◆ What to produce: Locate the line that contains "Leírás: Barta Imre: Farsangi" in the data that follows. Copy it and every subsequent line to the end, exactly, excluding pictures.

◆ Exercise data:
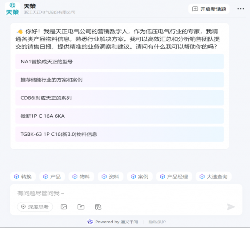 “天策”AI应用界面截图 作为“电气+AI应用”的行业先行者,天正打造的“天策”AI营销数字人,具有“售前查询快人一步、复杂需求化繁为简、选型报价零等待、快速获得客户信任”四大核心优势,既能够快速查询产品系列说明、技术资料、典型案例等企业知识,还能够智能匹配产品型号,高效输出定制化解决方案,实现从“经验驱动”向“数据+AI驱动”的销售模式转型,更好地为客户创造价值。
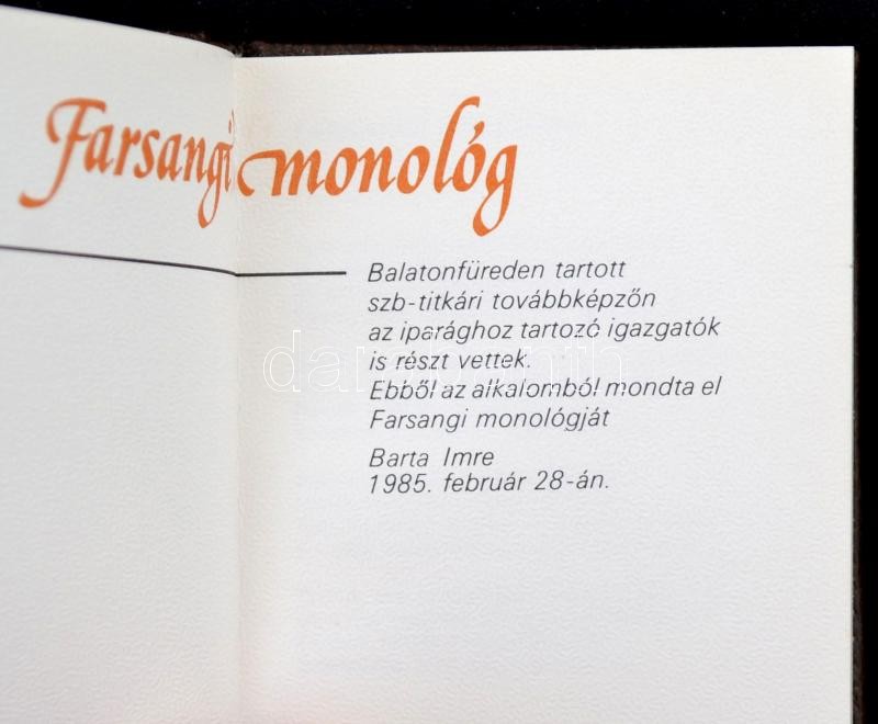 Leírás: Barta Imre: Farsangi monológ, Debrecen, 1985. Kereskedelmi forgalomba nem került.
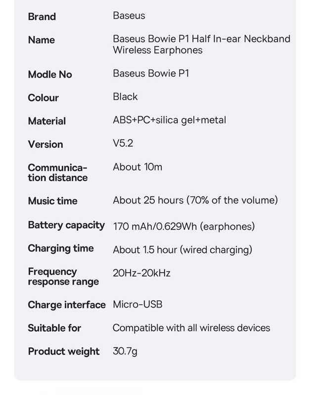 در طراحی هندزفری گردنی بیسوس P1 Bowie از سیلیکون، پلاستیک مقاوم ABS و PC و فلز استفاده شده که با پوست شما سازگار بوده و شما را اذیت نخواهد کرد. وزن این هندزفری حدود 31 گرم می باشد.

◆ Solution to this task:
 Leírás: Barta Imre: Farsangi monológ, Debrecen, 1985. Kereskedelmi forgalomba nem került.
 در طراحی هندزفری گردنی بیسوس P1 Bowie از سیلیکون، پلاستیک مقاوم ABS و PC و فلز استفاده شده که با پوست شما سازگار بوده و شما را اذیت نخواهد کرد. وزن این هندزفری حدود 31 گرم می باشد.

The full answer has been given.